Aspects of the present invention are described herein with reference to flowchart illustrations and/or block diagrams of methods, apparatus (systems), and computer program products according to embodiments of the invention. It will be understood that each block of the flowchart illustrations and/or block diagrams, and combinations of blocks in the flowchart illustrations and/or block diagrams, can be implemented by computer readable program instructions.


These computer readable program instructions may be provided to a processor of a computer, or other programmable data processing apparatus to produce a machine, such that the instructions, which execute via the processor of the computer or other programmable data processing apparatus, create means for implementing the functions/acts specified in the flowchart and/or block diagram block or blocks. These computer readable program instructions may also be stored in a computer readable storage medium that can direct a computer, a programmable data processing apparatus, and/or other devices to function in a particular manner, such that the computer readable storage medium having instructions stored therein comprises an article of manufacture including instructions which implement aspects of the function/act specified in the flowchart and/or block diagram block or blocks.


The computer readable program instructions may also be loaded onto a computer, other programmable data processing apparatus, or other device to cause a series of operational steps to be performed on the computer, other programmable apparatus or other device to produce a computer implemented process, such that the instructions which execute on the computer, other programmable apparatus, or other device implement the functions/acts specified in the flowchart and/or block diagram block or blocks.

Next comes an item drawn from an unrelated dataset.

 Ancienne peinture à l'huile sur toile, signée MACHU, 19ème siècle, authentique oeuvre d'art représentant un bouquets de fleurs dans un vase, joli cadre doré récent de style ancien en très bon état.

The flowchart and block diagrams in the Figures illustrate the architecture, functionality, and operation of possible implementations of systems, methods, and computer program products according to various embodiments of the present invention illustrated with reference to prophetic examples. In this regard, each block in the flowchart or block diagrams may represent a module, segment, or portion of instructions, which comprises one or more executable instructions for implementing the specified logical function(s). In some alternative implementations, the functions noted in the blocks may occur out of the order noted in the Figures. For example, two blocks shown in succession may, in fact, be accomplished as one step, executed concurrently, substantially concurrently, in a partially or wholly temporally overlapping manner, or the blocks may sometimes be executed in the reverse order, depending upon the functionality involved. It will also be noted that each block of the block diagrams and/or flowchart illustration, and combinations of blocks in the block diagrams and/or flowchart illustration, can be implemented by special purpose hardware-based systems that perform the specified functions or acts or carry out combinations of special purpose hardware and computer instructions.

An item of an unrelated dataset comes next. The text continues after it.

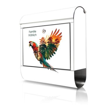 FUNKTION: Der banjado Edelstahl Briefkasten mit Motiv Motiv Wald und Vogel Silhouette bietet Ihnen mit seinem Fassungsvermögen genügend Platz auch für große A4 Sendungen. Das integrierte Zeitungsfach eignet sich hervorragend um unkompliziert die Tageszeitung zu fassen. Auf Wunsch können Sie bei uns den passenden Ständer kaufen und so aus dem Wandbriefkasten einen Standbriefkasten machen. DESIGN: Der Motivbriefkasten hat ein sehr ansprechendes und ausgefallenes Design, damit entlocken Sie Ihren Nachbarn und dem Postboten ein Lächeln. Heben Sie Sich ab von der tristen grauen Masse ohne auf Funktionalität zu verzichten. DETAILS: Der Design Briefkasten mit Motiv Motiv Wald und Vogel Silhouette besteht aus hochwertigem 18/0 Edelstahl. Das Motiv besteht aus einer wetter- und UV-resistenten Folie, die mit einem Schutzlaminat überzogen ist. Der Briefkasten wird mit Montagematerial und zwei Schlüsseln geliefert. NUTZEN: Sie können diesen Briefkasten sowohl als Wandbriefkasten montieren oder einen passenden Ständer auswählen und als Standbriefkasten einbetonieren. Die Größe bietet genügend Platz für Sendungen aller Art, das hochwertige Edelstahl ist rostfrei und die Motivfolie absolut wetterfest. SCHUTZ: Um Ihre Post optimal vor Witterungseinflüssen wie Starkregen zu schützen, empfehlen wir, den Briefkasten geschützt anzubringen. BANJADO: Ihr Briefkasten wird in Sachsen in einer kleinen Manufaktur von Hand veredelt. Die Motivfolie ist lösungsmittelfrei und schutzlaminiert, dies sorgt für einen langen Halt. Wir legen großen Wert auf die Verbindung von Funktionalität und Design. Sie erhalten Handarbeit aus Sachsen.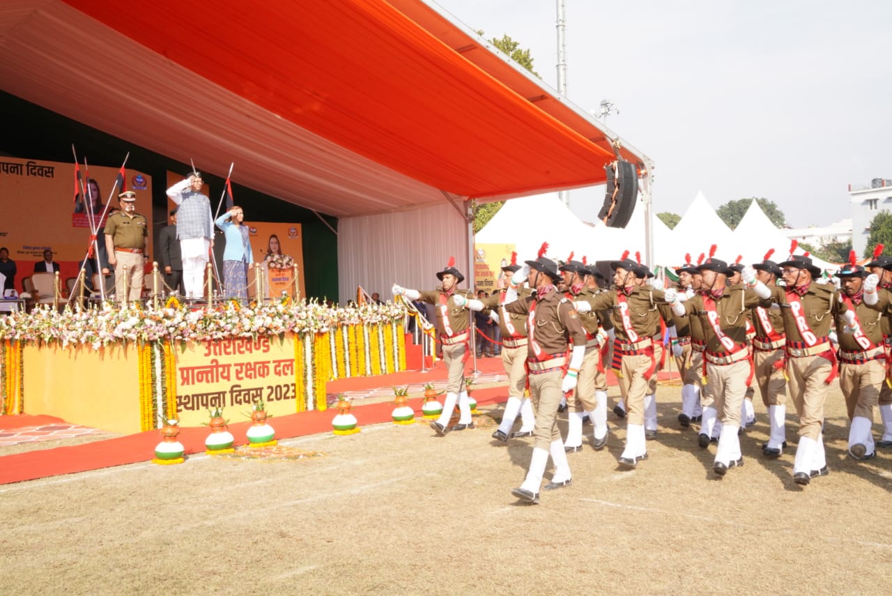 देहरादून : मुख्यमंत्री पुष्कर सिंह धामी ने सोमवार को तपोवन रोड, देहरादून में प्रान्तीय रक्षक दल के स्थापना दिवस के अवसर पर आयोजित रैतिक परेड में शामिल होकर रैतिक परेड का मान प्रणाम ग्रहण किया। इस अवसर पर मुख्यमंत्री ने पीआरडी के घोषवाक्य ‘अहमस्मि योधः’ का लोकार्पण किया और पीआरडी स्वयं सेवकों के आश्रितों को सहायता राशि का वितरण भी किया।

Computer readable program instructions for carrying out operations of the present invention may be assembler instructions, instruction-set-architecture (ISA) instructions, machine instructions, machine dependent instructions, microcode, firmware instructions, state-setting data, configuration data for integrated circuitry, or either source code or object code written in any combination of one or more programming languages, including an object oriented programming language such as Smalltalk, C++, or the like, and procedural programming languages, such as the “C” programming language or similar programming languages. The computer readable program instructions may execute entirely on the user's computer, partly on the user's computer, as a stand-alone software package, partly on the user's computer and partly on a remote computer or entirely on the remote computer or server. In the latter scenario, the remote computer may be connected to the user's computer through any type of network, including a local area network (LAN) or a wide area network (WAN), or the connection may be made to an external computer (for example, through the Internet using an Internet Service Provider). In some embodiments, electronic circuitry including, for example, programmable logic circuitry, field-programmable gate arrays (FPGA), or programmable logic arrays (PLA) may execute the computer readable program instructions by utilizing state information of the computer readable program instructions to personalize the electronic circuitry, in order to perform aspects of the present invention.

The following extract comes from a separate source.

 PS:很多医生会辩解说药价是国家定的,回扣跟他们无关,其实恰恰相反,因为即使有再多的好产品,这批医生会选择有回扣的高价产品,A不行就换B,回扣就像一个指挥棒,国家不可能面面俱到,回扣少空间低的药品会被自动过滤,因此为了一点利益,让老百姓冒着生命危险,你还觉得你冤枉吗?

The terminology used herein is for the purpose of describing particular embodiments only and is not intended to be limiting. As used herein, the singular forms “a,” “an,” and “the” are intended to include the plural forms as well, unless the context clearly indicates otherwise. It will be further understood that the terms “comprise” (and any form of comprise, such as “comprises” and “comprising”), “have” (and any form of have, such as “has” and “having”), “include” (and any form of include, such as “includes” and “including”), and “contain” (and any form of contain, such as “contains” and “containing”) are open-ended linking verbs. As a result, a method or device that “comprises,” “has,” “includes,” or “contains” one or more steps or elements possesses those one or more steps or elements, but is not limited to possessing only those one or more steps or elements. Likewise, a step of a method or an element of a device that “comprises,” “has,” “includes,” or “contains” one or more features possesses those one or more features, but is not limited to possessing only those one or more features. Forms of the term “based on” herein encompass relationships where an element is partially based on as well as relationships where an element is entirely based on. Methods, products and systems described as having a certain number of elements can be practiced with less than or greater than the certain number of elements. Furthermore, a device or structure that is configured in a certain way is configured in at least that way, but may also be configured in ways that are not listed.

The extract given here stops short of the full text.